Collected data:
◆ ◆ ◆ ◆ ◆ ◆ ◆
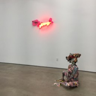 So there are two basic ways to curate a group show, especially one on this scale. Either by shared formal or material attributes, or thematically, to examine an idea. If you’ve got an idea, you might actually want a literary, eclectic array, mixing emerging with a-list, international with local; and of course all the mediums, all the perspectives of identity, all the categories of imagery and processes, materials and messages, historical and avant-garde. It’s exciting. But it still has to look good in a room. Guest curator John Knuth (whose own art in the show involved fly puke, naked men, and live snakes, in no particular order) worked with the gallery’s Global Director (and man having all the fun at work) Ben Lee Ritchie Handler to flesh out the aspects of this self-evidently manifest premise. In a nutshell: It’s all wrong, but it’s alright.
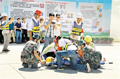 “1楼B区首层外脚手架上有木方掉下来砸到人。请指示!请指示!”接到通知后,救护组、安全保卫组、疏散组、通讯组迅速就位,开展应急救援。现场看到,安全保卫组迅速拉好警戒线维护现场,做好现场保护工作;救护组分秒必争为伤员检查并包扎伤口,随后将伤者送往医院做进一步治疗.....记者了解到,除了物体打击应急救援演练,本次活动还针对失火安全事故进行应急救援演练。两场演练现场组织得力、行动迅速,均达到了预期效果。
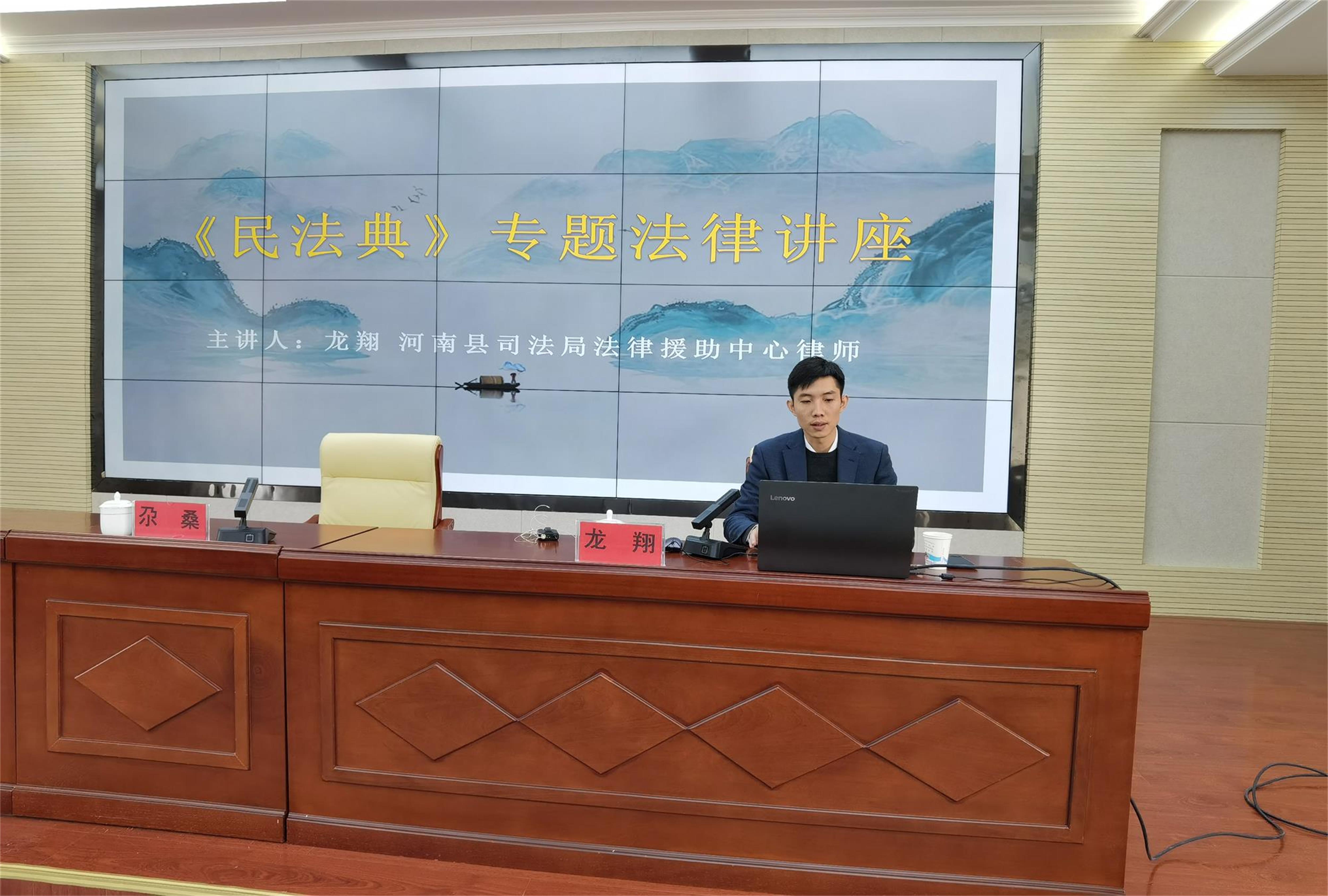 为贯彻落实习近平总书记《充分认识颁布实施民法典重大意义, 依法更好保障人民合法权益》的讲话精神,促进服务地青海省河南县法治政府工作的推进。2021年3月18日上午,我所“1+1”中国法律援助志愿律师龙翔为河南县政法部门干部职工开展《民法典》专题学习讲座,河南县政法委书记万马乃同志、河南县法院院长华青太、河南县检察院检察长拉加才让、公安局局长娘吉才让、河南县司法局局长尕桑等主要领导出席讲座。
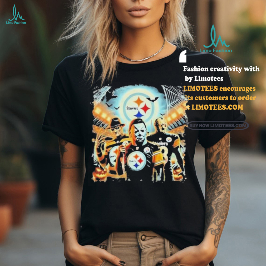 He used his magical ways to bring Pittsburgh Steelers Halloween Horror Characters Shirt self proclaimed “cat haters” around to love him and his kind. He would creep up behind them stealth like on the couch back for example and lick their hair. Often for minutes before they even realized he was there and by then, he had already given them a new do. Cat do. He was also a fabulous hair stylist. But if someone was a cat hater it was as if he knew it and insisted they reevaluate that by showing them affection and demanded their attention in until they gave in. They always ended up given in to him.
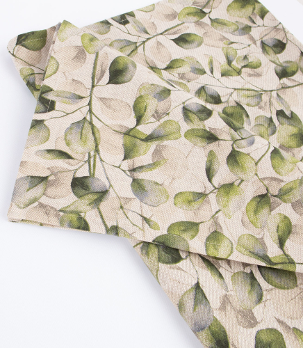 Tablecloth HOLLY 43x116cm, poplar leaves. 80% cotton, 20% polyester. CARE: can be washed in a washing machine at a temperature of 30 degrees.
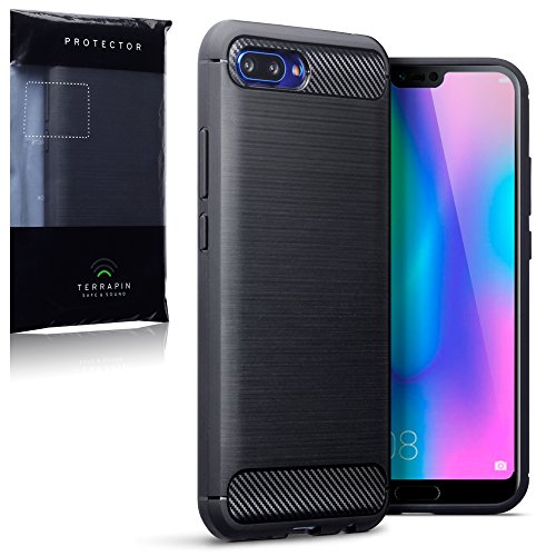 TERRAPIN Custodia Huawei Honor 10, TPU Gel Custodia per Huawei Honor 10 Cover, Colore: Fibra di Carbonio & Filiforme Schema Nero
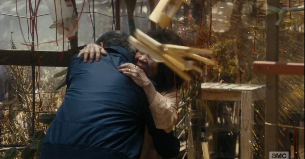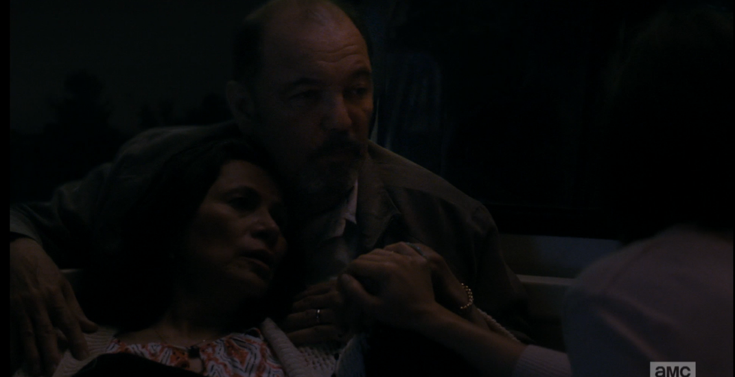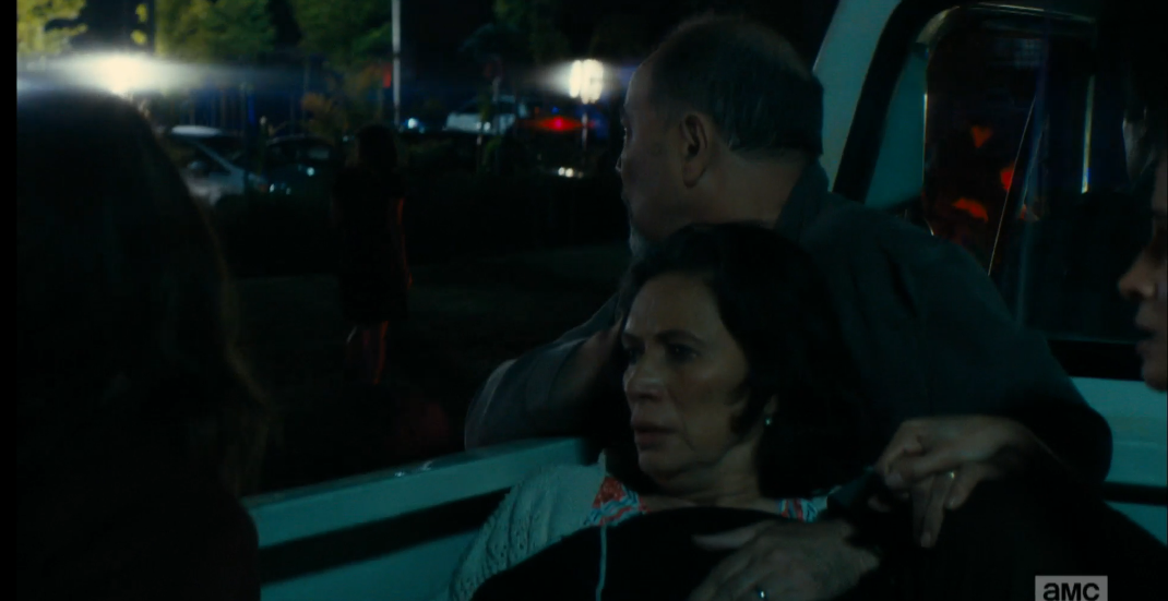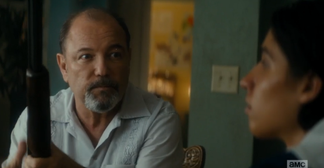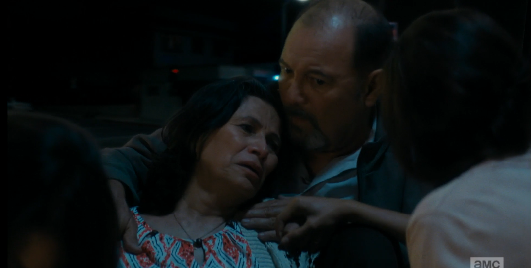 Daniel tells his daughter to calm down, that he knows where to go. Ofelia insists that they should go with Travis and his people. Griselda speaks up, tells Ofelia to trust her father, that he’s always looked out for them. Ofelia, torn between her love and loyalty to her parents, and what she knows is their best chance, walks out of the room, upset. Daniel and Griselda share a gentle joke between each other before Daniel turns back to his post at the window, peering through the blinds.
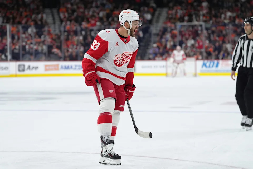 Detroit Red Wings right wing Alex Debrincat (93) reacts after scoring a goal against the Philadelphia Flyers in the first period at Xfinity Mobile Arena in Philadelphia on Thursday, April 2, 2026.
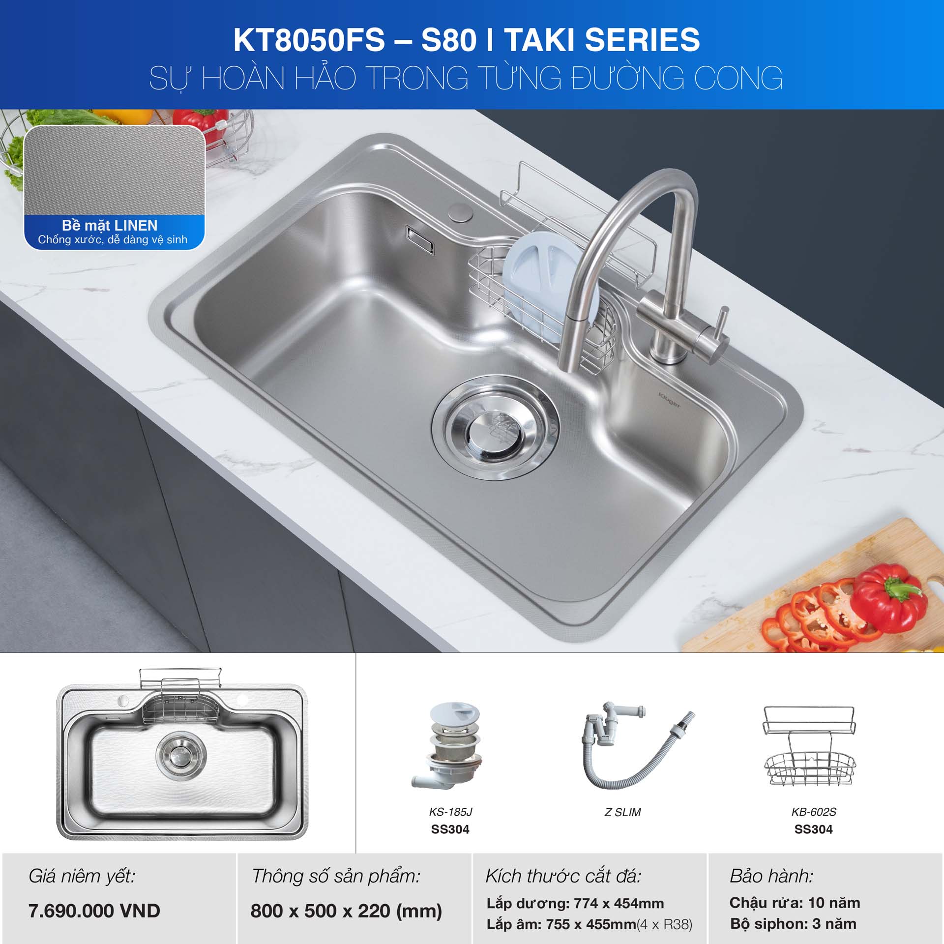 Chậu rửa bát inox KLUGER KT8050FS Plus dòng TAKI
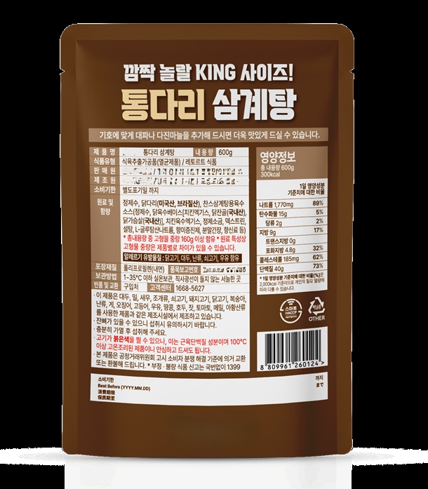 | 1. 포장단위별 용량(중량), 수량, 크기 | 닭다리살 통다리 삼계탕 600g /1팩 |
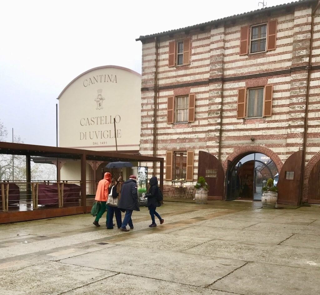 A concludere al meglio la serata, la cena al ristorante Tre Orologi, accogliente e raccolto locale attiguo al castello, dove sono state servite specialità monferrine sposate ai pregiati vini del Castello di Gabiano. Commiato e rientro per il pernottamento, all’agriturismo Ca’ dell’Ebbro di Vignale Monferrato. Domenica, l’ultimo giorno del week end, altri graditi motivi d’interesse. In mattinata, trasferimento a Rosignano Monferrato per visitare la storica cantina del Castello di Uviglie, dove storicità e innovazione si incontrano. Eretta nel lontano 1491, un anno prima che Cristoforo Colombo scoprisse l’America, recentemente dispone di attrezzature enologiche d’avanguardia e professionale sala di degustazione. Oltre la gamma completa dei vini monferrini, la cantina Castello di Uviglie produce il buon spumante metodo classico La Cave. C’è di più. Sotto i vicini vigneti ci sono le Cave di pietra da cantone tutelate dall’Unesco, con cui alcuni secoli fa, si costruivano case e chiese. Spesso gli infernotti sono ricavati dalla stessa pietra. Una certa similitudine con le crayeres della Champagne, che oltre ad affinarci il vino, sono un teatro ideale per varie mostre d’arte e, per l’acustica, di future opere liriche e teatrali.
◆ ◆ ◆ ◆ ◆ ◆ ◆
- WHAT NEEDS TO BE DONE -
Look above for the line with "Detroit Red Wings" and the line with "삼계탕 600g /1팩 |", then restate exactly those two lines and all lines between them, with no pictures.

- RESULT FOR THIS TASK -
 Detroit Red Wings right wing Alex Debrincat (93) reacts after scoring a goal against the Philadelphia Flyers in the first period at Xfinity Mobile Arena in Philadelphia on Thursday, April 2, 2026.
 Chậu rửa bát inox KLUGER KT8050FS Plus dòng TAKI
 | 1. 포장단위별 용량(중량), 수량, 크기 | 닭다리살 통다리 삼계탕 600g /1팩 |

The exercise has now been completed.